On scaling


(BARNEY) #1

Let us assume we create index with 2 shards and 1 replica on two nodes
in a elasticsearch box1.After indexing some documents,disk space(say
1000GB) in the box1 will get filled.
To index more documents, I will have 2 more nodes(one more box say
box2 has disk space 1000GB).
What is the mechanism to use total 4 nodes(two boxes) with only one
index having memory 2000GB?

What I am thinking is like If we create 2 more primary shards to the
box1 dynamically,then created shards will get allocated on the second
box.To do this I want to know how to create shards dynamically?

Apart from creating dynamic shards,any other mechanism to scale?


(David Pilato) #2

You can't modify shards after index creation.

HTH
David :wink:
@dadoonet

Le 2 déc. 2011 à 07:43, BARNEY kalyanc007@gmail.com a écrit :

Let us assume we create index with 2 shards and 1 replica on two nodes
in a elasticsearch box1.After indexing some documents,disk space(say
1000GB) in the box1 will get filled.
To index more documents, I will have 2 more nodes(one more box say
box2 has disk space 1000GB).
What is the mechanism to use total 4 nodes(two boxes) with only one
index having memory 2000GB?

What I am thinking is like If we create 2 more primary shards to the
box1 dynamically,then created shards will get allocated on the second
box.To do this I want to know how to create shards dynamically?

Apart from creating dynamic shards,any other mechanism to scale?


(Drew Raines) #3

BARNEY wrote:

Let us assume we create index with 2 shards and 1 replica on two
nodes in a elasticsearch box1.After indexing some documents,disk
space(say 1000GB) in the box1 will get filled. To index more
documents, I will have 2 more nodes(one more box say box2 has disk
space 1000GB). What is the mechanism to use total 4 nodes(two
boxes) with only one index having memory 2000GB?

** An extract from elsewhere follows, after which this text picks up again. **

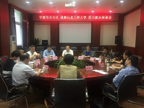 【本网讯】5月25日上午,宁波市北仑区与新莆京官网实习就业座谈会在航空港校区第六会议室召开。宁波市北仑区副区长孙秀芳、人力资源和社会保障局局长章文夫、副局长杨宏伟,新莆京官网副校长何建新、招生就业处处长卢宗元、教务处副处长易平、控制工程学院党总支书记邓丽琴、控制工程学院副院长严寒冰等参加了此次座谈会。

What I am thinking is like If we create 2 more primary shards to
the box1 dynamically,then created shards will get allocated on the
second box.To do this I want to know how to create shards
dynamically?

Apart from creating dynamic shards,any other mechanism to scale?

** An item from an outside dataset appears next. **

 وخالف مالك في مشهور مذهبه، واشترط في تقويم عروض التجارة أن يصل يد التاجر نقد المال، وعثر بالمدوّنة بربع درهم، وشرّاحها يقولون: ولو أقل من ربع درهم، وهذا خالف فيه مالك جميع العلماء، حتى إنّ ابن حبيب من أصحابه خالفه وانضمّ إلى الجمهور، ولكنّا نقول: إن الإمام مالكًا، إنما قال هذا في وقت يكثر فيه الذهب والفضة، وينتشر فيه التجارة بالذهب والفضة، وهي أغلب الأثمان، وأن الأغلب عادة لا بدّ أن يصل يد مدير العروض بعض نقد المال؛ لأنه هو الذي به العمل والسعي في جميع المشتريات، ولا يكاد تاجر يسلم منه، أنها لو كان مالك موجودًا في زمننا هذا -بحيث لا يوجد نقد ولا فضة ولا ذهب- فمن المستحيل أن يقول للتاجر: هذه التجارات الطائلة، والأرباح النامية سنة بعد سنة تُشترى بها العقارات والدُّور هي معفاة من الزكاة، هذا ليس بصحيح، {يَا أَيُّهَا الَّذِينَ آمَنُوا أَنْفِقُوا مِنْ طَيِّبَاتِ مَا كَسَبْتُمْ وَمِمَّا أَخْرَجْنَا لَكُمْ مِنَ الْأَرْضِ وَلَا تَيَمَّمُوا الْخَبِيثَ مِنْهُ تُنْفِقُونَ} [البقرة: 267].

As David mentioned, shards are not configurable after index
creation. You have a few options, and you may want to do all of them
in time.

The first is to create your index with more shards. This will give
you more horizontal node growth. You can't store a 10TiB index on
100 1TiB nodes if you only have 2 shards, because each shard would be
5TiB. So, calculate a reasonable number given the size of the
resources you have available.

The next tool at your disposal when you've exhausted the previous
step's capacity are aliases. You'll want to roll over into a new
index and create an alias that points to the old and new index. You
don't even have to do this step if your older data doesn't need to be
queried seamlessly. You could either disable it or leave it to be
queried manually, but an alias allows you to query both indices with
no client knowledge that they're separate. You can also set up alias
filters to enforce logical partitions of data.

At some point you'll exhaust the limits of that cluster. The only
option then will be to create another cluster and either migrate data
to it or use both clusters together. We do the latter through load
balancers with great success, managing 20 clusters of 1PiB of data.

-Drew


(Michael Sick) #4

Drew,

1PB! That's the biggest ES cluster I've seen referenced to date. Maybe you
could post some experiences/lessons learned to the "Please, tell about the
success story about ES usage on production" thread?

--Mike

On Fri, Dec 2, 2011 at 11:32 AM, Drew Raines aaraines@gmail.com wrote:

BARNEY wrote:

Let us assume we create index with 2 shards and 1 replica on two
nodes in a elasticsearch box1.After indexing some documents,disk
space(say 1000GB) in the box1 will get filled. To index more
documents, I will have 2 more nodes(one more box say box2 has disk
space 1000GB). What is the mechanism to use total 4 nodes(two
boxes) with only one index having memory 2000GB?

What I am thinking is like If we create 2 more primary shards to
the box1 dynamically,then created shards will get allocated on the
second box.To do this I want to know how to create shards
dynamically?

Apart from creating dynamic shards,any other mechanism to scale?

As David mentioned, shards are not configurable after index
creation. You have a few options, and you may want to do all of them
in time.

The first is to create your index with more shards. This will give
you more horizontal node growth. You can't store a 10TiB index on
100 1TiB nodes if you only have 2 shards, because each shard would be
5TiB. So, calculate a reasonable number given the size of the
resources you have available.

The next tool at your disposal when you've exhausted the previous
step's capacity are aliases. You'll want to roll over into a new
index and create an alias that points to the old and new index. You
don't even have to do this step if your older data doesn't need to be
queried seamlessly. You could either disable it or leave it to be
queried manually, but an alias allows you to query both indices with
no client knowledge that they're separate. You can also set up alias
filters to enforce logical partitions of data.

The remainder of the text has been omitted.